Saturday, August 15, 2020

"Revolution begins from an act of falsification"

"the first concern of revolutionary movements on the left has been to capture the language, to change reality by changing the way we describe and therefore the way we perceive it.  Revolution begins from an act of falsification, exemplified equally in the French and the Russian Revolutions, as in the cultural revolutions of the contemporary campus."

"revolutions begin by encasing reality in Newspeak, and thereafter are haunted by the fear that reality will break out of its case and become visible as it truly is."

     Roger Scruton, Fools, frauds and firebrands:  thinkers of the New Left (London and New York:  Bloomsbury, 2015), 226, 228.  230:  "Behind [Perry] Anderson's polemic there advances a desperate attempt to save 'socialist truth' from the malicious encroachments of reality."  Cf. the "many a lapse into bourgeois truthfulness" of p. 229.

Wednesday, August 12, 2020

Was Christ the cause of his own Resurrection?

"in consequence of death[, which is the separation of soul from body and body from soul,] Christ's Godhead was not separated [(separata)] from His soul, nor from His flesh [(carne)]. Consequently, both the soul and the flesh of the dead Christ can be considered . . . in respect [(ratione)] of His Godhead. . . .  Therefore, according to the virtue of the Godhead united to it [(unitae divinitatis)], the body [(corpus)] took back again [(resumpsit)] the soul which it had laid aside [(deposuerat)], and the soul took back again the body which it had abandoned [(dimiserat): and thus Christ rose by His own power]."
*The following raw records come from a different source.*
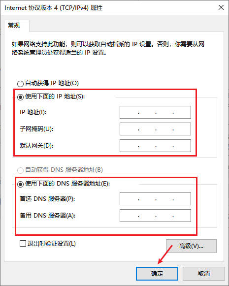 - 选择“使用下面的IP地址”并输入新IP,点击“确定”。
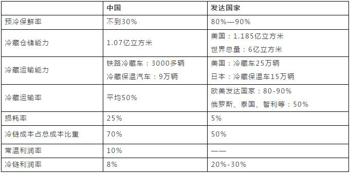 (三)冷鏈物流成本比較 當(dāng)前,我國每年約有20%—25%的果品和30%的蔬菜在中轉(zhuǎn)運(yùn)輸及存放中腐爛損壞,損壞總量每年高達(dá)上億噸,價值高達(dá)750億元。相比之下,歐美日等發(fā)達(dá)國家和地區(qū)實現(xiàn)了整個冷鏈管理環(huán)節(jié)的成本控制。(見表5) 表5 我國與發(fā)達(dá)國家冷鏈成本
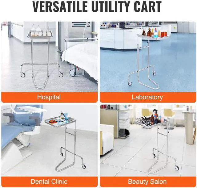 VEVOR Stainless Steel Lab Cart with Single Tray & 2 Silent Wheels for Lab Clinic, Lab Serving Cart Utility Cart Stainless Steel Medical Cart, Lab Carts with 1 Drawers & Top Tray, Lab Rolling Cart for Lab, Clinic, Hospital, Salon, Office
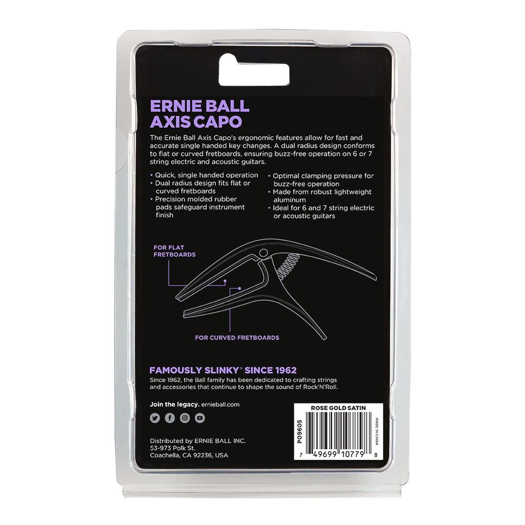 The Ernie Ball Axis Capo's ergonomics features allow for fast and accurate single handed key changes. A dual radius design confirms to flat or curved fretboards ensuring buzz-free operation on 6 or 7 string electric and acoustic guitars.
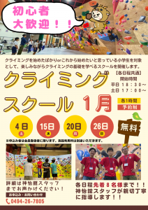 クライミングスキルを学べるスクールを開催します。1月の開催日程につきましては、下記のチラシのとおりです。
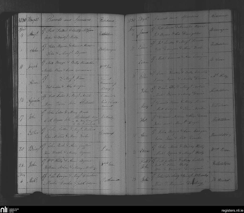 Rathvilly; County of Wicklow, Carlow; Diocese of Kildare and Leighlin. Baptisms, Apr. 1830 to May 1830
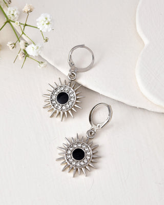 Jewels Nest Stainless Steel Evil Eye Sunburst Dangle Earrings with Crystal Embellishments - Distacart
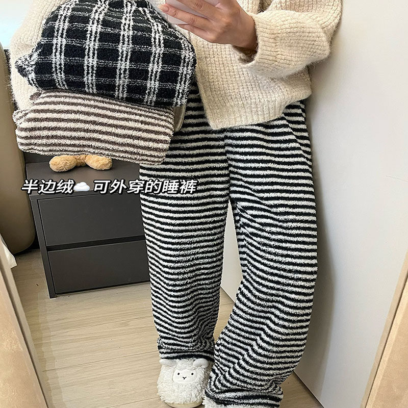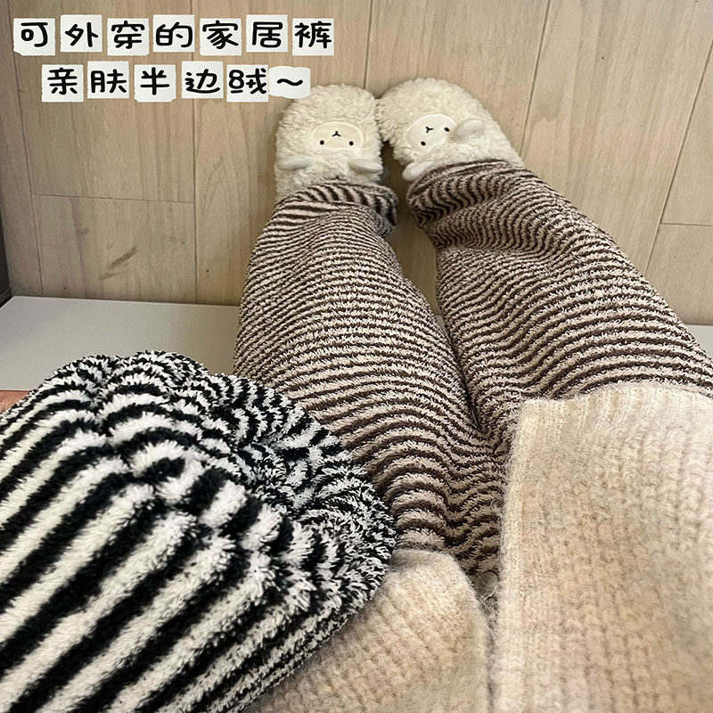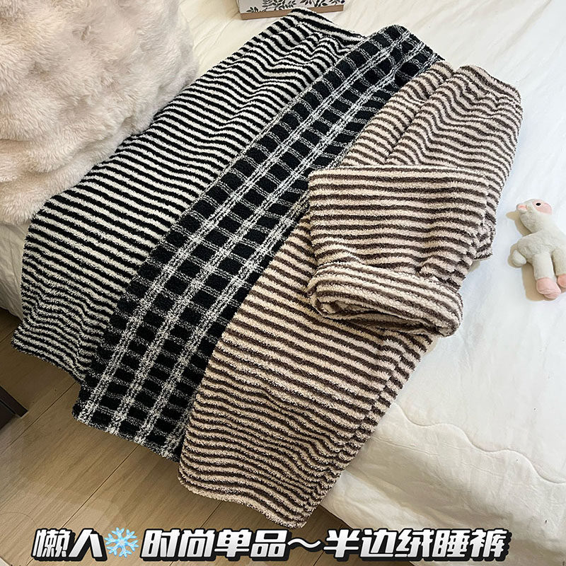 半边绒睡裤女款秋冬季长裤加绒复古慵懒家居裤可外穿暖暖裤条纹
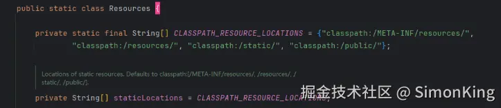 通过源码我们能够看到SpringBoot框架开放一批静态资源可以直接访问:
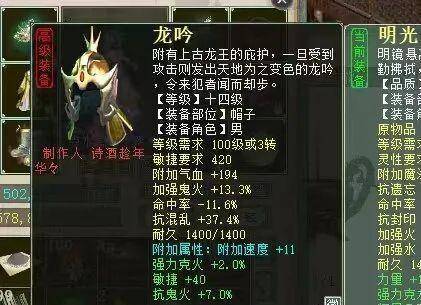 这次咱们再来看一个帽子,加敏速51,要知道该帽子还未打套装,如果打上再洗套装属性加敏速5的话,那就是56,所以说他是全服第一十四级帽子也没什么毛病。
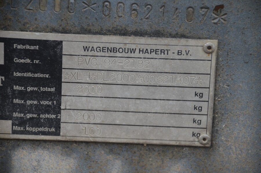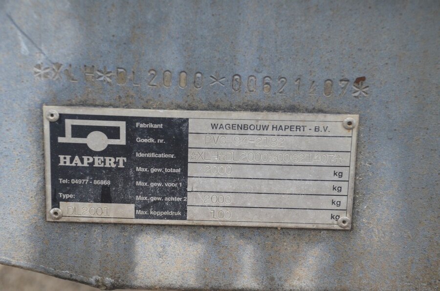 Aanhangwagen HAPERT type KF27 met 2 assen en zeil, ch.nr. XLHDL200000621407 (met Nederlandse nummerplaat)
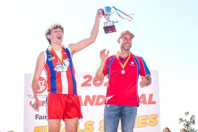 Philip Island captain Finn O’Brien hoists the fourths premiership cup with coach Steve Duggan by his side. 361008_02

     St. Thomas Aquinas, ST III.53.4.Resp., trans. FEDP.  Latin from Corpus Thomisticum, which follows the Leonine edition in considering "and thus Christ rose by His own power [(Et sie Christus propria virtute resurexit)]," present in PI, a later insertion.
     For the works of the Trinity ad extra are, of course, the works of the Word, the "one and the same Son, our Lord Jesus Christ" of the Chalcedonian Creed, who is the sovereign hypostasis of the two natures.
     Cf. this one.
     resumpsit is iterum sumendi in the Vulgate of Jn 10:18.

Monday, August 10, 2020

Sin as both aversio and conversio

"Punishment is proportionate to sin. Now sin comprises two things. First, there is the turning away from the immutable good [(aversio ab incommutabili bono)], which is infinite, wherefore, in this respect, sin is infinite. Secondly, there is the inordinate turning to mutable good [(inordinata conversio ad commutabile bonum)]. In this respect sin is finite, both because the mutable good itself is finite, and because the movement of turning towards it [(conversio)] is finite, since the acts of a creature cannot be infinite. Accordingly, in so far as sin consists in turning away from something [(Ex parte .  . . aversionis)], its corresponding punishment is the 'pain of loss [(poena damni)],' which also is infinite, because it is the loss of the infinite good, i.e. God. But in so far as sin turns inordinately to something [(Ex parte inordinatae conversionis)], its corresponding punishment is the 'pain of sense [(poena sensus)],' which is also finite."

     St. Thomas Aquinas, ST I-II.87.4.Resp., trans. FEDP.

May my enemies get everything this world has to offer. But give me the beatific vision.

Arise, O Lord! confront them, overthrow them!
    Deliver my life from the wicked by thy sword,
from men by thy hand, O Lord,
    from men whose portion in life is of the world.
May their belly be filled with what thou hast stored up for them;
    may their children have more than enough;
    may they leave something over to their babes.

As for me, I shall behold thy face in righteousness;
    when I awake, I shall be satisfied with beholding thy form.

     Ps 17:13-15 RSV.  מִֽמְתִים מֵחֶלֶד חֶלְקָם בַּֽחַיִּים:  from men of [the] duration (of life)/aeon/world their portion in th[is] life.  מֵ is taken here as partitive (BDB 3 (p. 580, col. 2)).